Dinstühler zeichnete ein buntes Bild damaliger „Lustbarkeiten“ mit „Guckkästen“, Seiltänzern und Equilibristen (Gleichgewichtskünstler), „Schnellläufern“, Marionettenspielern, aber auch geschickten „mechanischen Künstlern“.

So kündigte „Mechanikus“ Siegmann 1833 in der Esplanade im Bereich des heutigen Schlossplatzes, den „Aufstieg eines unbemannten großen Luftballons“ an, die Ballonfahrt war geboren. „Lustbarkeitstermine“ in allen Jülicher Ortschaften von Altenburg bis Welldorf fehlen nicht in der interessanten Ausarbeitung.

Ferner stellte Prof.
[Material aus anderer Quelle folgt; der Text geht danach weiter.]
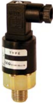
Execution with electric connection M2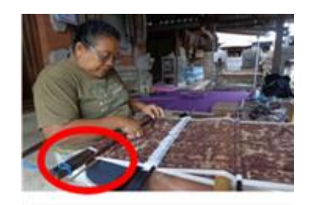
Figure 1. The Process of Weaving Old Work Attitudes (Without Improvement)<sup>7</sup>

Through a participatory approach to the workers and operator ( Kelian Banjar Tengah Tegeh Tenganan Pegringsingan ), there are some alternatives in order to reduce subjective complaints and the way to increase productivity, such as improving work attitudes by adding supporting equipment: 1). Using eyeglasses, 2). Using barbel on fingers during rest time, 3). Using tingklik short stool, 4). Adding kapok cushion on por and 5). Using pelipir . The attitude improvement alternative by adding supporting equipments was chosen because considered easy to do, also by their request, hence it could reduce subjective complaints and increase productivity.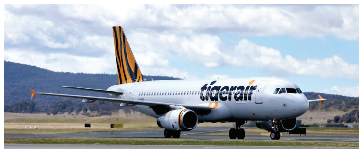
INAUGURAL FLIGHT TT813 ARRIVING AT CANBERRA AIRPORT FROM BRISBANE ON SEPTEMBER 15

From Friday September 15, Tigerair added an additional return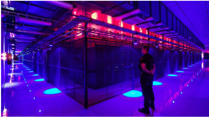
Fig. 2. The Cloud Factories: Power, Pollution and the Internet. Data centers are filled with server, which are like bulked desktop computers, minus screen and keyboards, that contain chips to process data.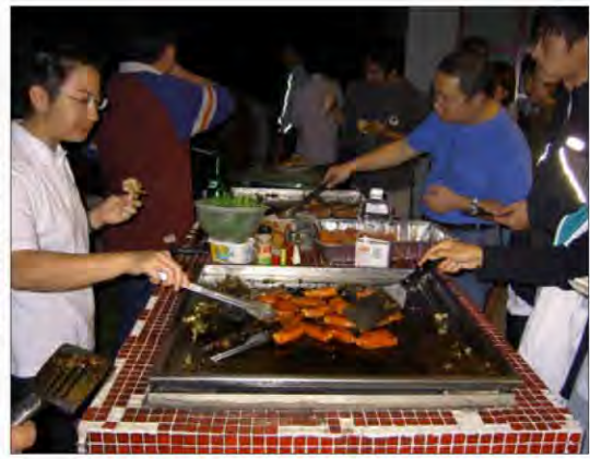
SWIMS past and present students and staff enjoy a BBQ with MBAHK members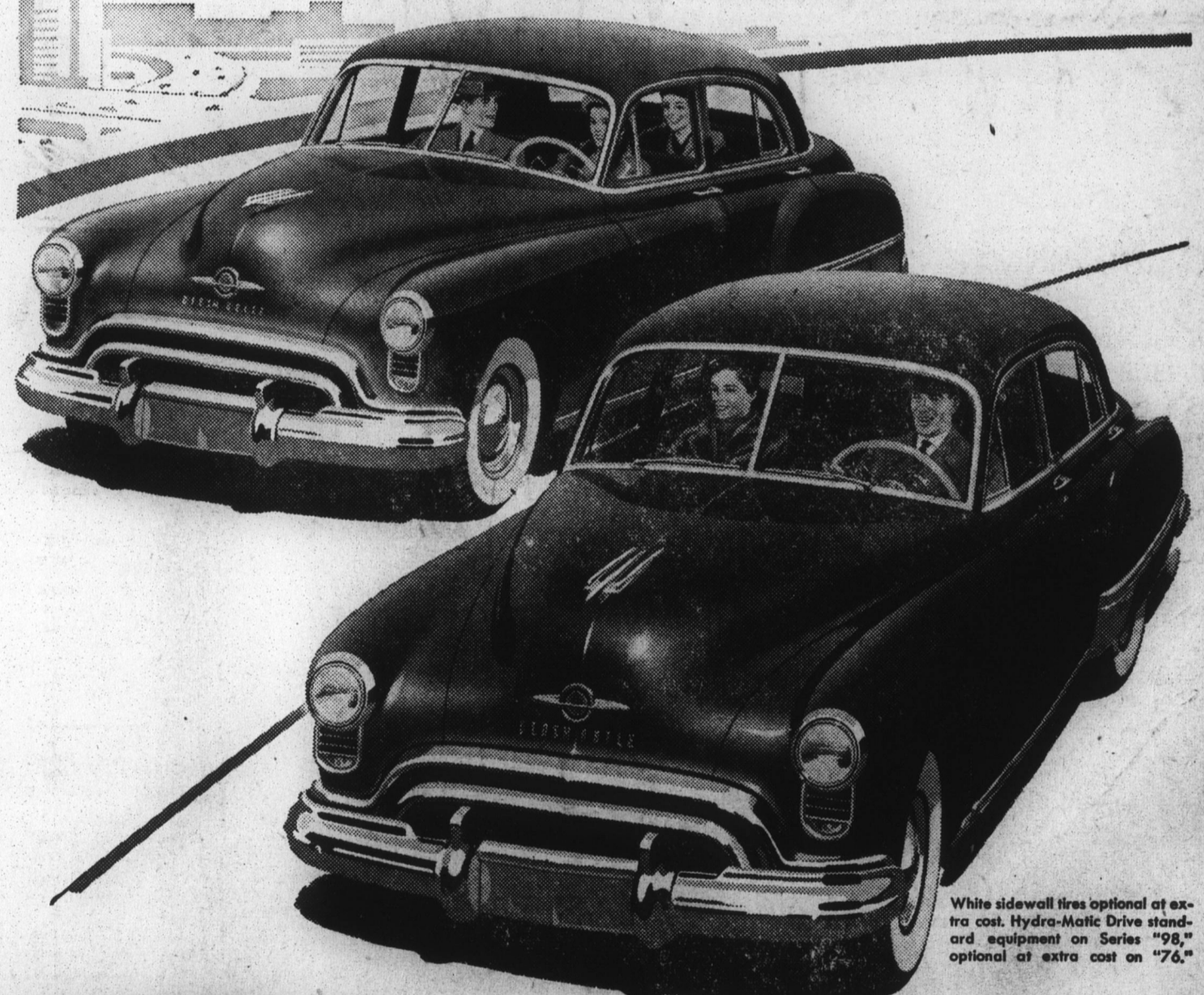
White sidewall tires optional at extra cost. Hydra-Matic Drive standard equipment on Series "98," optional at extra cost on "76."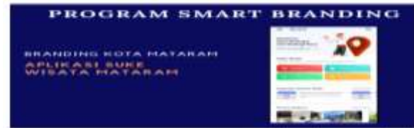
Jurnal Elastisitas FEB Univ.Mataram Maret 2022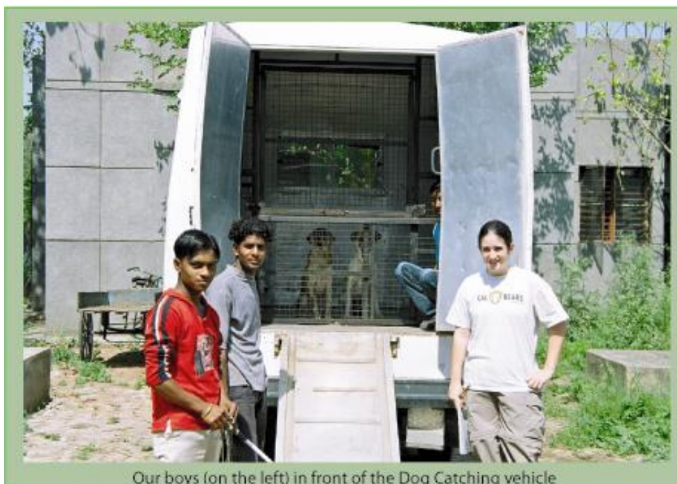
Our boys (on the left) in front of the Dog Catching vehicle

The Society for Stray Canine Birth Control (SSCBC), formed in 2002 to confront the serious civic challenge posed by the growing population of stray dogs, is a collaborative platform shared by the Animal Husbandry department of the Government of Delhi, the Municipal Corporation of Delhi (MCD) and a number of NGOs working in the field of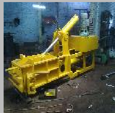
Hydraulic baling press Double action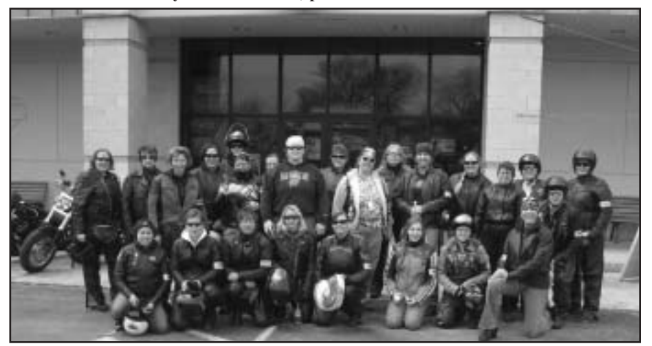
Hal's Group for Women's Ride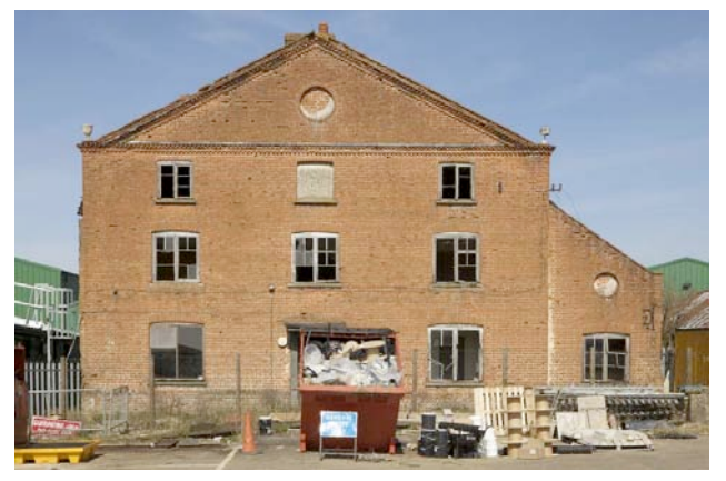
Vacant for decades: the extraordinary Symonds Farmhouse, The Saxhams, Suffolk, which features in Live or Let Die.

Since our last Newsletter no less than four new SAVE publications have become available. They cover a range of subjects and there follows a brief description of each. These reports can be ordered via the website or by using the order form in this newsletter (or on the enclosed leaflet). In the New Year we hope to add a substantial report on London Churches to this list.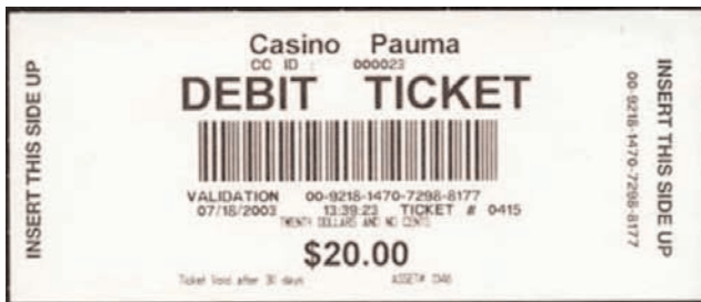
Front: Debit Ticket The result of an ATM transaction.

Quik Play personnel have been at Casino Pauma promoting the system, handing out promotional calendar cards, and answering customer questions.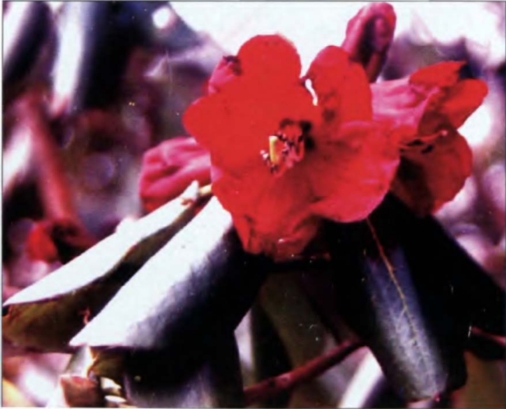
Rhododendron thomsonii Hook. f.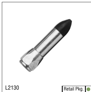
L2130 - Grease Coupler, Seal-Off/Rubber Tip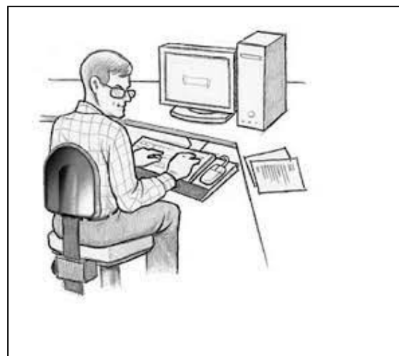
Figure 1: Diagram showing the incorrect way to sit during DSE use; adopted from a guide to computing by (CHRISTOPHER BARNATT, 2012)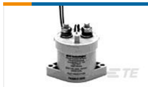
TE Part #1-1618002-1 EV200ADANA=RELAY, EV200 SPST-NO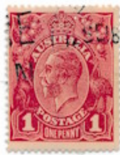
R1-8 mid print run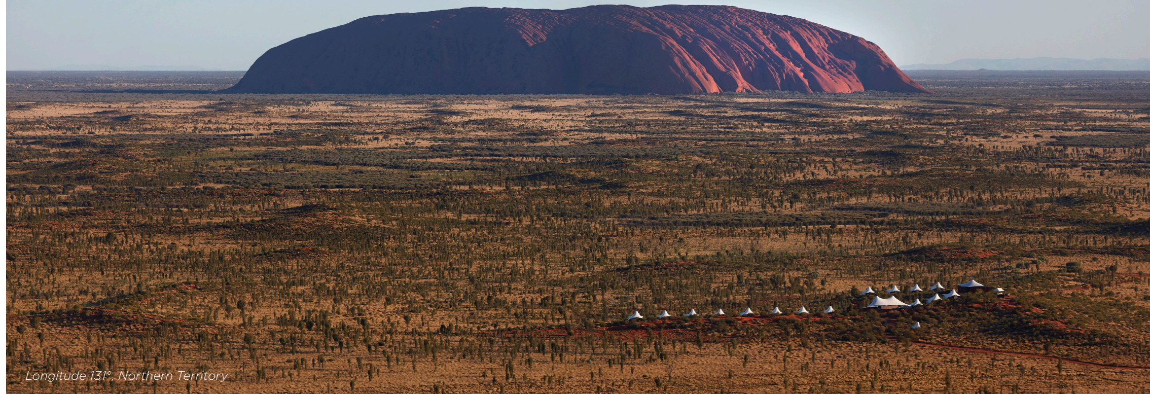
Longitude 131°, Northern Territory

Luxury in Western Australia and the Northern Territory takes many forms. But what defines luxury? Is it found in world-class hotels and fine dining, in the peace and solitude of a beachfront camp, or standing beneath the sandstone walls of a giant monolith watching as the sun sets, whilst everyone else leaves the park? Whatever your version of luxury is, you're sure to find it in Western Australia and the Northern Territory.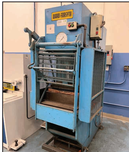
WARD-FORSYTH VO50 50 TO HYDRAULIC PRESS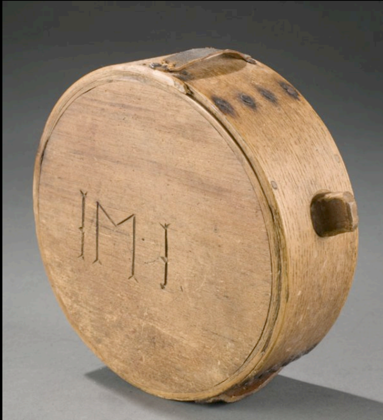
Wood Canteen with Wide Leather Keeps 18th - Early 19th Century (Private Collection)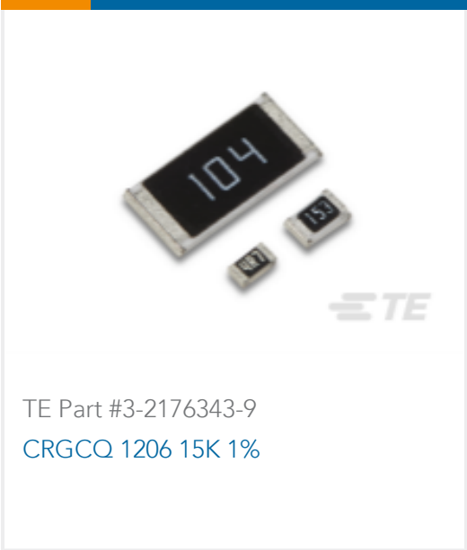
TE Part #3-2176343-9 CRGCQ 1206 15K 1%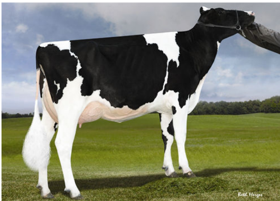
LADYS-MANOR S DAHLIA FIFTH DAM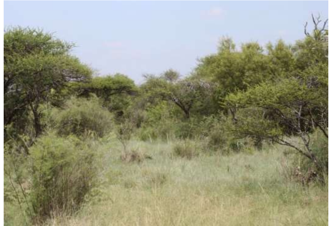
Photo 1 View of part of the eastern section of the site.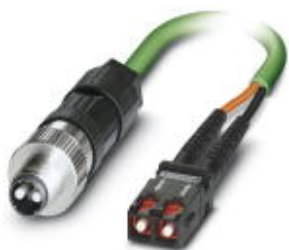
PCF-GI cable, assembled with M12 connector to SC-RJ

Please be informed that the data shown in this PDF Document is generated from our Online Catalog. Please find the complete data in the user's documentation. Our General Terms of Use for Downloads are valid ( http://phoenixcontact.com/download )

Bers Band 25 in der Reihe „Neue Beiträge zur Jülicher Geschichte“ vor. Das Buch enthält neben Dokumentationen und Rezensionen kleinere Beiträge und drei Aufsätze: Heinz Andermahr schreibt über die Schulen in den Städten des Herzogtums Jülich vom 15. bis 18. Jahrhundert.

Uwe Cormann hat den Westturm an der Propsteipfarrkirche St. Mariä Himmelfahrt als Thema gewählt. Karl-Dieter Dahmens Aufsatz handelt von zwei Austauschaktionen Internierter aus dem Jülicher Umland zwischen Deutschland und Großbritannien im Zweiten Weltkrieg.